• Provided records:
# # #
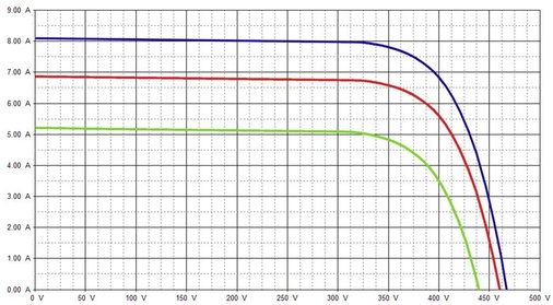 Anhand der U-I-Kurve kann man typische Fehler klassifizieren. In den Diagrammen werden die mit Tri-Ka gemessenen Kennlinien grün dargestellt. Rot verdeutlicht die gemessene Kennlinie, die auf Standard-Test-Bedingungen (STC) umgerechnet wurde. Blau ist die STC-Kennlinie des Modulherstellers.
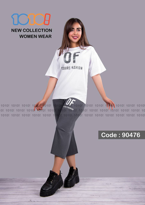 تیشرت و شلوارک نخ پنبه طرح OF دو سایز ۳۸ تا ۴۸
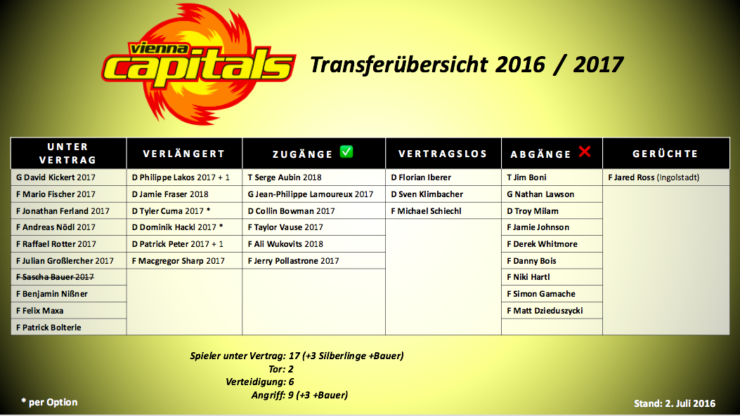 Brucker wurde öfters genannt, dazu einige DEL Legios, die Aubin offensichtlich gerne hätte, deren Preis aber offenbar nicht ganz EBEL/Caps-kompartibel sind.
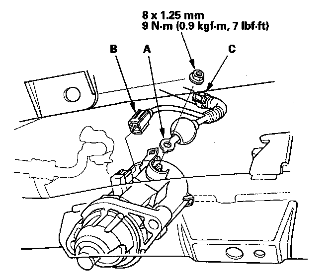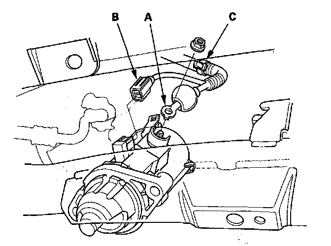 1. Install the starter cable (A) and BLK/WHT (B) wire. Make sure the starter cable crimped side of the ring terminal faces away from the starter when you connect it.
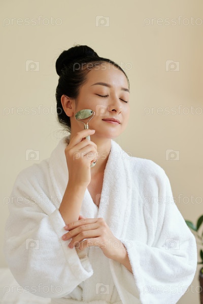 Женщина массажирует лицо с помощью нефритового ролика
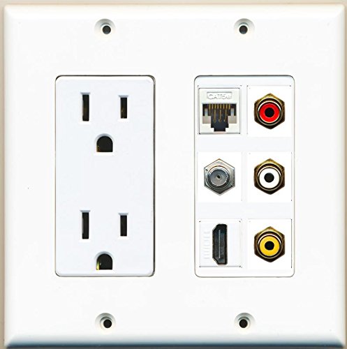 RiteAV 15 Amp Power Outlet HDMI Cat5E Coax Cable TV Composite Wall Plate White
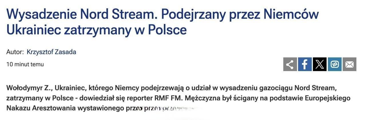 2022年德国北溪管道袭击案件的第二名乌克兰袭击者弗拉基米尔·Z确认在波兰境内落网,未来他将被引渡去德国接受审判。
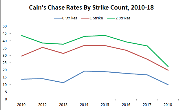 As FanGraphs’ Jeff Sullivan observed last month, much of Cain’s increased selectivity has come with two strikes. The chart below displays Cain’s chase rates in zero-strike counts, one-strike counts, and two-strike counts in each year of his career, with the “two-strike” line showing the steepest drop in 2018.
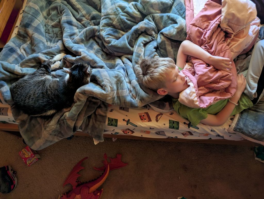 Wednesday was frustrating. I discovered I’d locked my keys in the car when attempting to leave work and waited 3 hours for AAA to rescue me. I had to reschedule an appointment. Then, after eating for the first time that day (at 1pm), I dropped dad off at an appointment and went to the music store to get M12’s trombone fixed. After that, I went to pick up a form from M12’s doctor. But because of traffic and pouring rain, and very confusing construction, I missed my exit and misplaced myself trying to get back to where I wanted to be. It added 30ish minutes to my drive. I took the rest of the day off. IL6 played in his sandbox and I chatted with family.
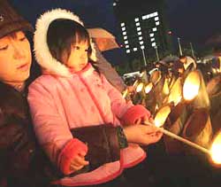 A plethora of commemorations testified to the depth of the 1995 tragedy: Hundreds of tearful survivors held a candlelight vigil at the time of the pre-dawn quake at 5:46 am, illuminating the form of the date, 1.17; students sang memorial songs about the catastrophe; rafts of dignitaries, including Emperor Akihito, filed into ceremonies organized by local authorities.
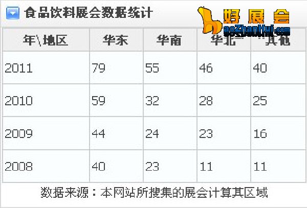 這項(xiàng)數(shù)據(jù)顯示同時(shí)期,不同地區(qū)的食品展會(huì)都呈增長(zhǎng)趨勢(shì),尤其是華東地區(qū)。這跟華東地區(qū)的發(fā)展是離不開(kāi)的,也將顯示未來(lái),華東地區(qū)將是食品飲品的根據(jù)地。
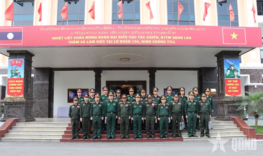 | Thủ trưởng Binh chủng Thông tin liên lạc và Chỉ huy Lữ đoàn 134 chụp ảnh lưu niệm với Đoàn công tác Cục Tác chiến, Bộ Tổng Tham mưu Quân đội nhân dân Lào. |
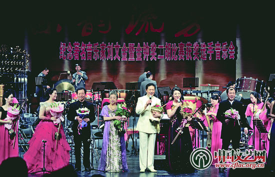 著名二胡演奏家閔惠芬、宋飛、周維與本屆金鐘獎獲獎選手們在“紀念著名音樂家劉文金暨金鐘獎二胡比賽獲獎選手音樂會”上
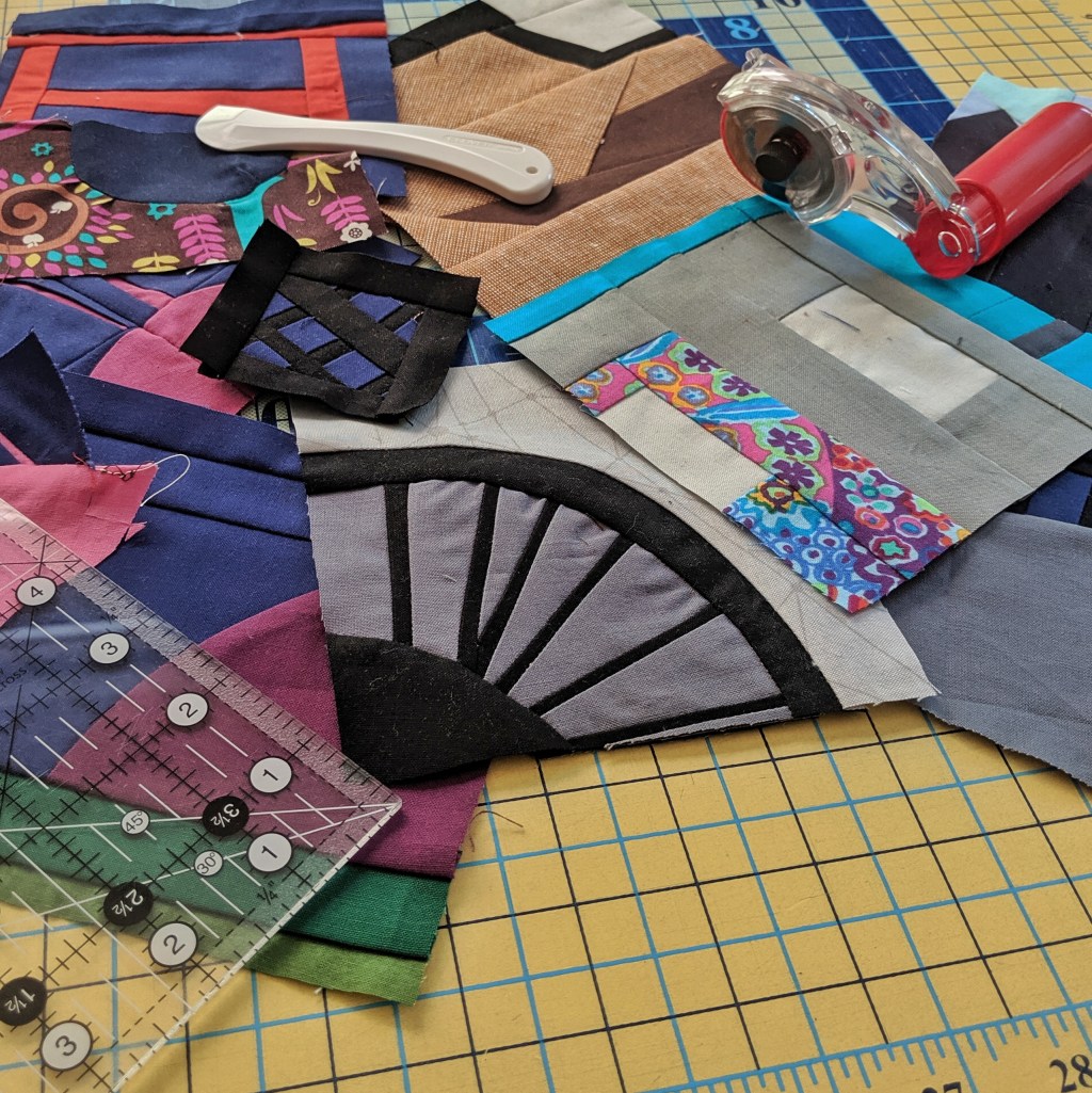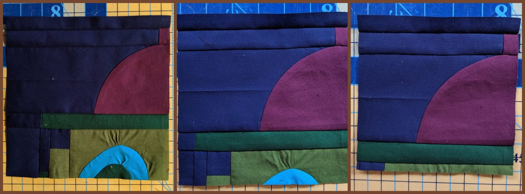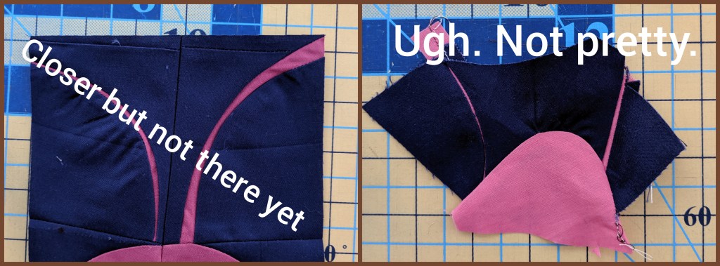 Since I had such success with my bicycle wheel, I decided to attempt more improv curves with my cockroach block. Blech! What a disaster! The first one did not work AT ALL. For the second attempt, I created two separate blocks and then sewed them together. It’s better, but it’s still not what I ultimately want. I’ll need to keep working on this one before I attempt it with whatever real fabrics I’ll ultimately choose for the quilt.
# # #
• What you are asked to do: Quote the listing above in full, except for the pictures.

• Task solution:
 Anhand der U-I-Kurve kann man typische Fehler klassifizieren. In den Diagrammen werden die mit Tri-Ka gemessenen Kennlinien grün dargestellt. Rot verdeutlicht die gemessene Kennlinie, die auf Standard-Test-Bedingungen (STC) umgerechnet wurde. Blau ist die STC-Kennlinie des Modulherstellers.
 تیشرت و شلوارک نخ پنبه طرح OF دو سایز ۳۸ تا ۴۸
 Brucker wurde öfters genannt, dazu einige DEL Legios, die Aubin offensichtlich gerne hätte, deren Preis aber offenbar nicht ganz EBEL/Caps-kompartibel sind.
 1. Install the starter cable (A) and BLK/WHT (B) wire. Make sure the starter cable crimped side of the ring terminal faces away from the starter when you connect it.
 Женщина массажирует лицо с помощью нефритового ролика
 RiteAV 15 Amp Power Outlet HDMI Cat5E Coax Cable TV Composite Wall Plate White
 2022年德国北溪管道袭击案件的第二名乌克兰袭击者弗拉基米尔·Z确认在波兰境内落网,未来他将被引渡去德国接受审判。
 As FanGraphs’ Jeff Sullivan observed last month, much of Cain’s increased selectivity has come with two strikes. The chart below displays Cain’s chase rates in zero-strike counts, one-strike counts, and two-strike counts in each year of his career, with the “two-strike” line showing the steepest drop in 2018.
 Wednesday was frustrating. I discovered I’d locked my keys in the car when attempting to leave work and waited 3 hours for AAA to rescue me. I had to reschedule an appointment. Then, after eating for the first time that day (at 1pm), I dropped dad off at an appointment and went to the music store to get M12’s trombone fixed. After that, I went to pick up a form from M12’s doctor. But because of traffic and pouring rain, and very confusing construction, I missed my exit and misplaced myself trying to get back to where I wanted to be. It added 30ish minutes to my drive. I took the rest of the day off. IL6 played in his sandbox and I chatted with family.
 A plethora of commemorations testified to the depth of the 1995 tragedy: Hundreds of tearful survivors held a candlelight vigil at the time of the pre-dawn quake at 5:46 am, illuminating the form of the date, 1.17; students sang memorial songs about the catastrophe; rafts of dignitaries, including Emperor Akihito, filed into ceremonies organized by local authorities.
 這項(xiàng)數(shù)據(jù)顯示同時(shí)期,不同地區(qū)的食品展會(huì)都呈增長(zhǎng)趨勢(shì),尤其是華東地區(qū)。這跟華東地區(qū)的發(fā)展是離不開(kāi)的,也將顯示未來(lái),華東地區(qū)將是食品飲品的根據(jù)地。
 | Thủ trưởng Binh chủng Thông tin liên lạc và Chỉ huy Lữ đoàn 134 chụp ảnh lưu niệm với Đoàn công tác Cục Tác chiến, Bộ Tổng Tham mưu Quân đội nhân dân Lào. |
 著名二胡演奏家閔惠芬、宋飛、周維與本屆金鐘獎獲獎選手們在“紀念著名音樂家劉文金暨金鐘獎二胡比賽獲獎選手音樂會”上
 Since I had such success with my bicycle wheel, I decided to attempt more improv curves with my cockroach block. Blech! What a disaster! The first one did not work AT ALL. For the second attempt, I created two separate blocks and then sewed them together. It’s better, but it’s still not what I ultimately want. I’ll need to keep working on this one before I attempt it with whatever real fabrics I’ll ultimately choose for the quilt.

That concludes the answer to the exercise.